I am part of a group of 4 friends who've know each other for many many years (since school/college and we're now approaching 40).
I've always known that the other three are closer and it's never really bothered me too much, except on a couple of occasions when they were getting together and I only got an invite at very short notice. Too short notice to be able to arrange to attend. This bothered me at the time (it's happened 2 or 3 times) precisely because we usually make arrangements at least a few days in advance to make sure everyone can attend with work and childcare to arrange, etc, and I got the invite at such short notice I couldn't go, even though I am almost certain the meeting would have been arranged days in advance so the others could all make it. I put it down to being forgotten about, but it hurt. I didn't make an issue at these times but once I did say that had I been given notice at the time it was arranged I would have been able to make it. Met with silence.
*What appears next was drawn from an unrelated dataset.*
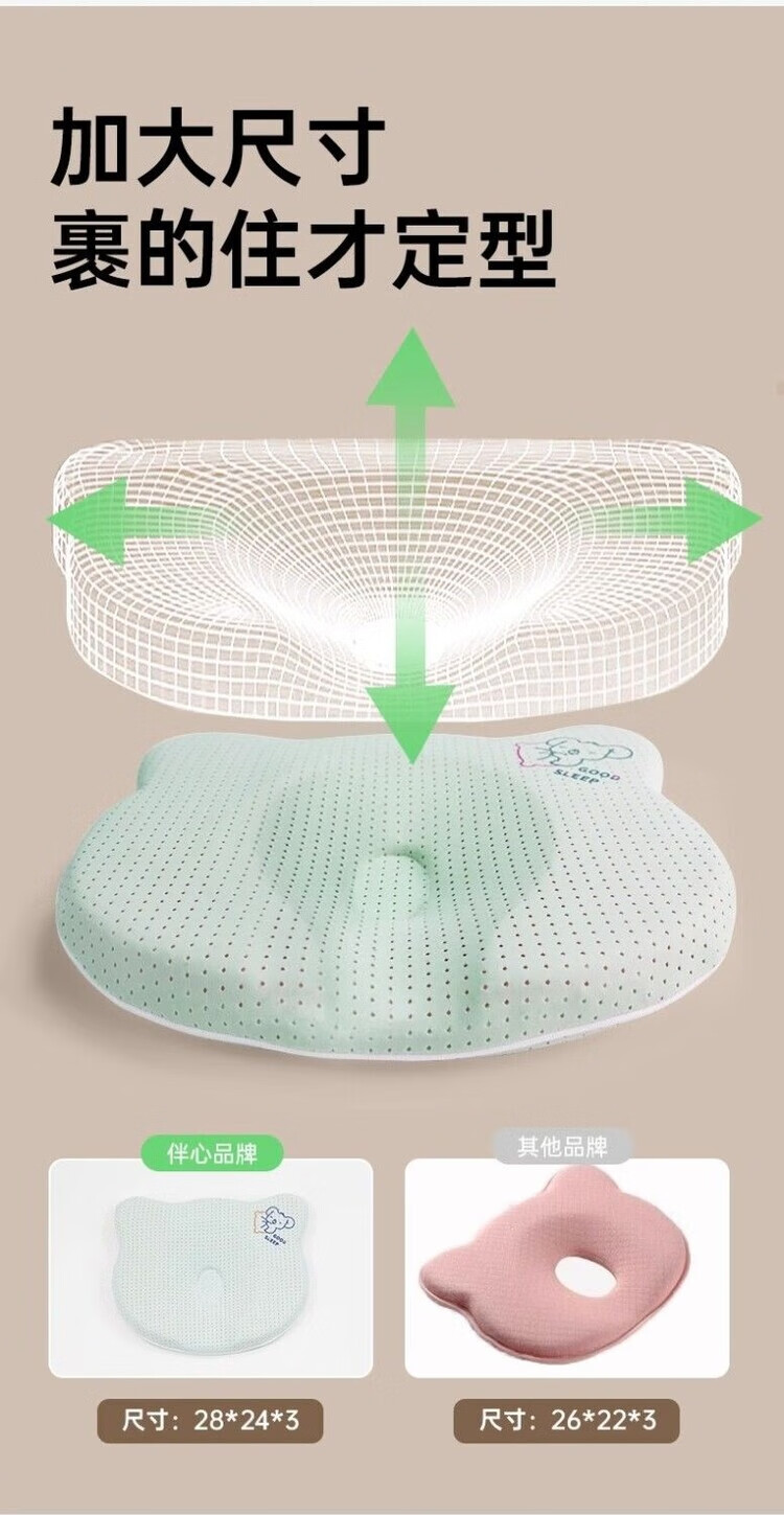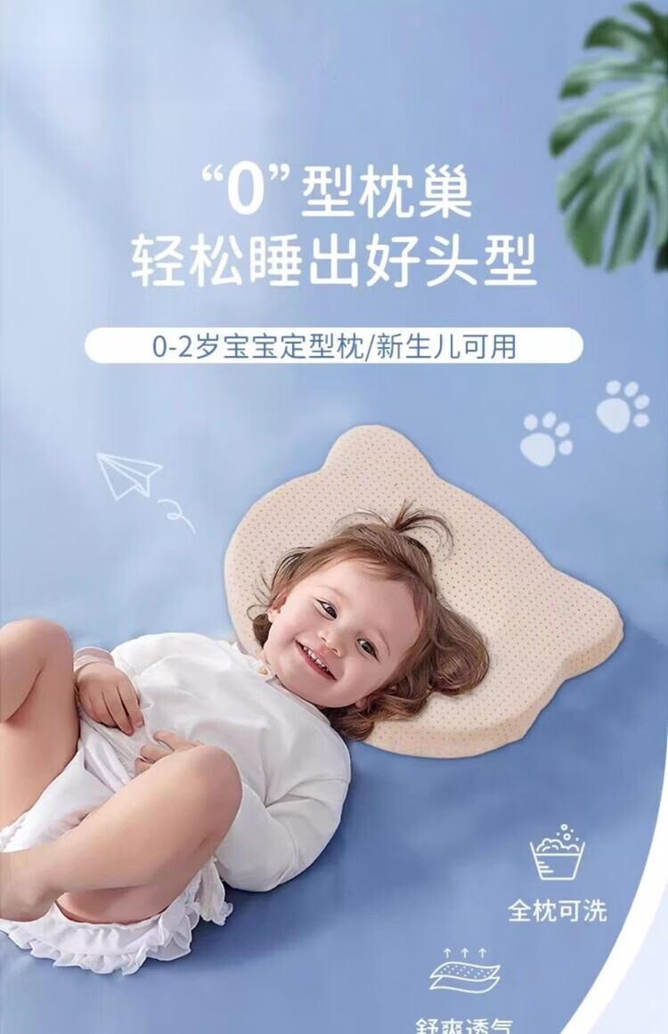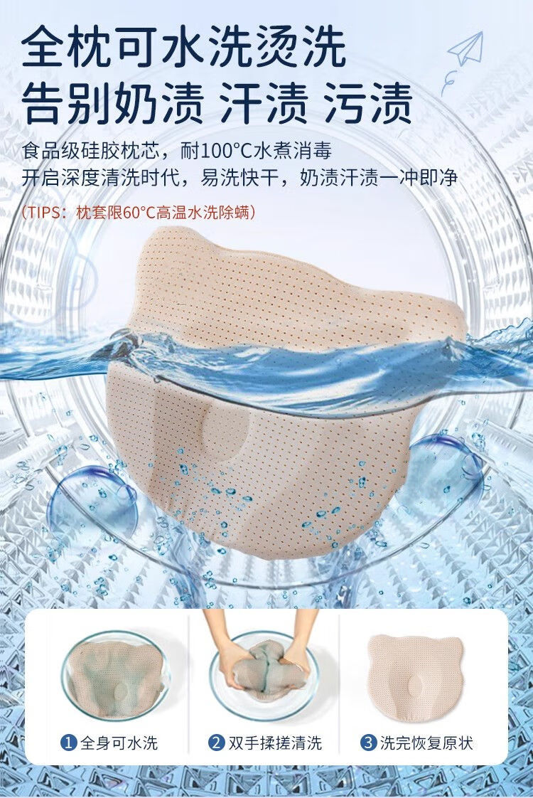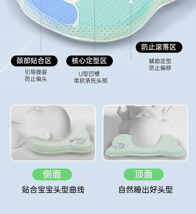 DEATKN German baby pillow for summer newborns 0-6-12 months, anti-startle tilted head, straight-head type lying sleeping artifact, recommended by nanny, emerald green, bear silicone pillow/7A antibacterial, default 28x24x3cm, 0-3 years old, maternal and infant category A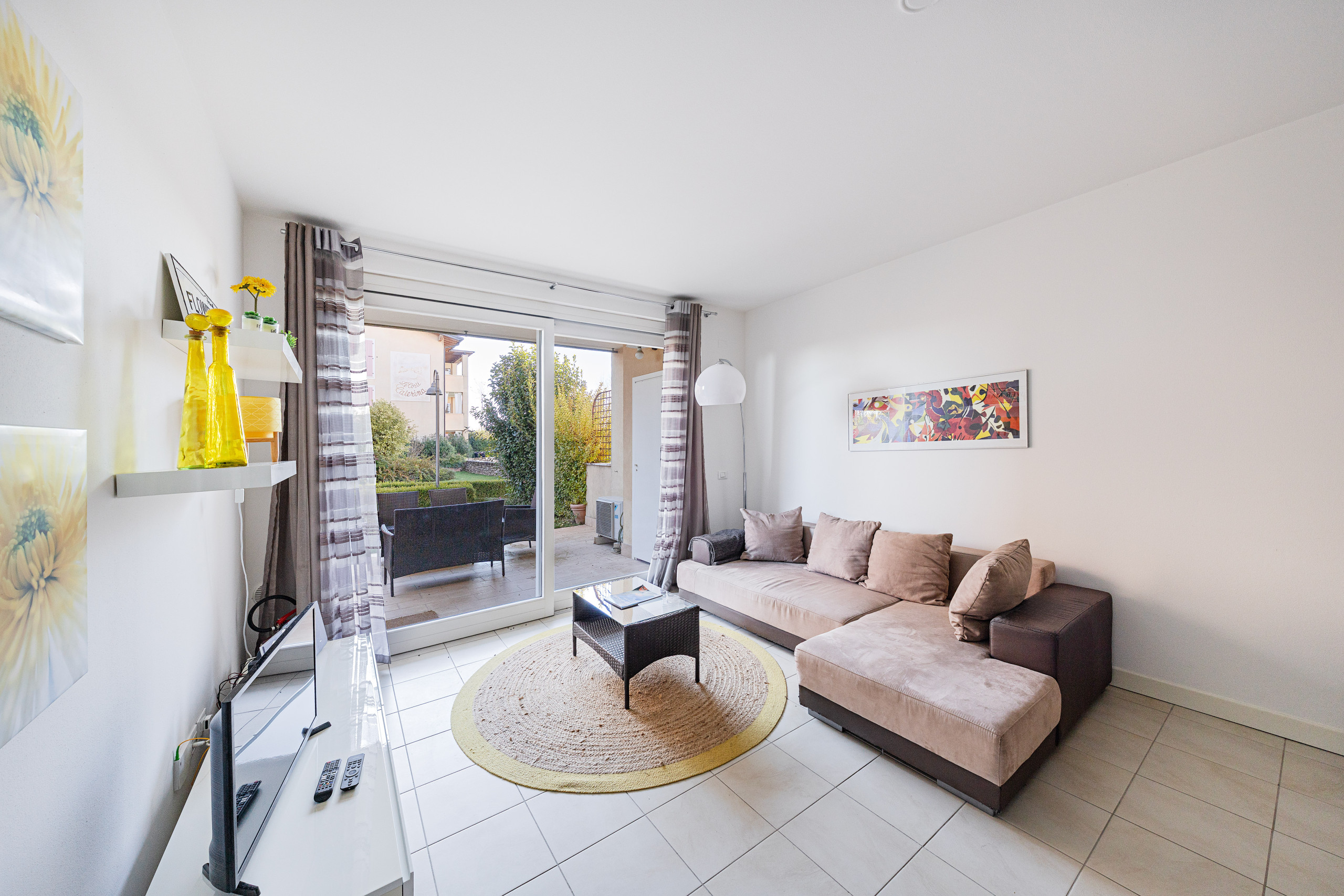 All'interno del signorile e recente residence "Le Corti Caterina", a poca distanza dal centro di Desenzano del Garda e dal Lago, appartamento al piano terra con due camere da letto per una vacanza fino a 6 persone.

Anyhow, I've been a bit off the social scene for a while due to being pregnant and breastfeeding (sometimes both at same time) for the last couple of years, but we still are regularly in touch on WhatsApp, via text and meeting up at each other's houses or going for lunch where I could bring baby along for feeds, etc. They went out in evenings drinking (not particularly often as they're all busy girls too) and I never minded missing out on the boozy do's really.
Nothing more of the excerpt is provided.